Question

The results of the estimated CAPM and Multifactor models for the returns of the GLCGX fund (Large Cap Growth) are given

below.

(a) What is the implication of intercept coefficient? What is the interpretation of each slope coefficient ?

(b) Which model better explains GLCGX fund returns: the CAPM or the Multifactor Model?

OUTPUT for Question 10:

Coefficients: Estimate Std.
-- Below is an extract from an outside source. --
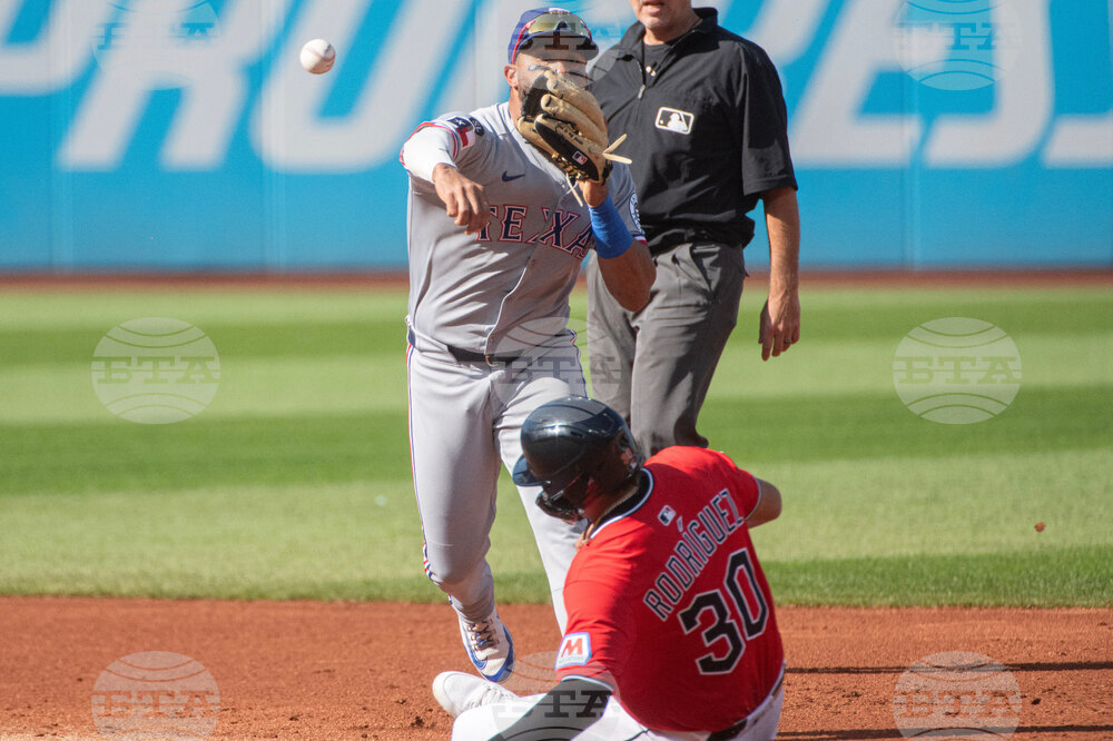 Texas Rangers' Ezequiel Duran, top left, is late with his throw to first base after forcing out Cleveland Guardians' Johnathan Rodriguez (30) at second base during a baseball game, Sunday, Sept. 28, 2025, in Cleveland. (AP Photo/Phil Long)

Error t value Pr(>|t|) (Intercept) -0.007049 0.002898 -2.432 0.0181 * rm 1.167201 0.058906 19.815 <2e-16 *** --- Signif. codes: 0 ‘***’ 0.001 ‘**’ 0.01 ‘*’ 0.05 ‘.’ 0.1 ‘ ’ 1 Residual standard error: 0.02243 on 58 degrees of freedom Multiple R-squared: 0.8713, Adjusted R-squared: 0.8691 F-statistic: 392.6 on 1 and 58 DF, p-value: < 2.2e-16

lm(r_glcgx~rm+hml+smb+mom) Coefficients: Estimate Std. Error t value Pr(>|t|) (Intercept) 0.0009467 0.0024567 0.385 0.701

rm 1.0075831 0.0498170 20.226 < 2e-16 *** hml -0.4832266 0.0672459 -7.186 1.87e-09 *** smb -0.2584757 0.0522464 -4.947 7.47e-06 *** mom -0.0018580 0.0313426 -0.059 0.953 --- Signif. codes: 0 ‘***’ 0.001 ‘**’ 0.01 ‘*’ 0.05 ‘.’ 0.1 ‘ ’ 1 Residual standard error: 0.01643 on 55 degrees of freedom Multiple R-squared: 0.9345, Adjusted R-squared: 0.9297 F-statistic: 196.2 on 4 and 55 DF, p-value: < 2.2e-16

Answer 1

(a) Intercept is nothing but the mean value of the dependent variable, when all the predictors (independent variables are set to zero.It gives the average GLCGX fund when the predictors ( rm in CAPM and rm, hml, smb, and mom in the multifactor model) are equal to zero.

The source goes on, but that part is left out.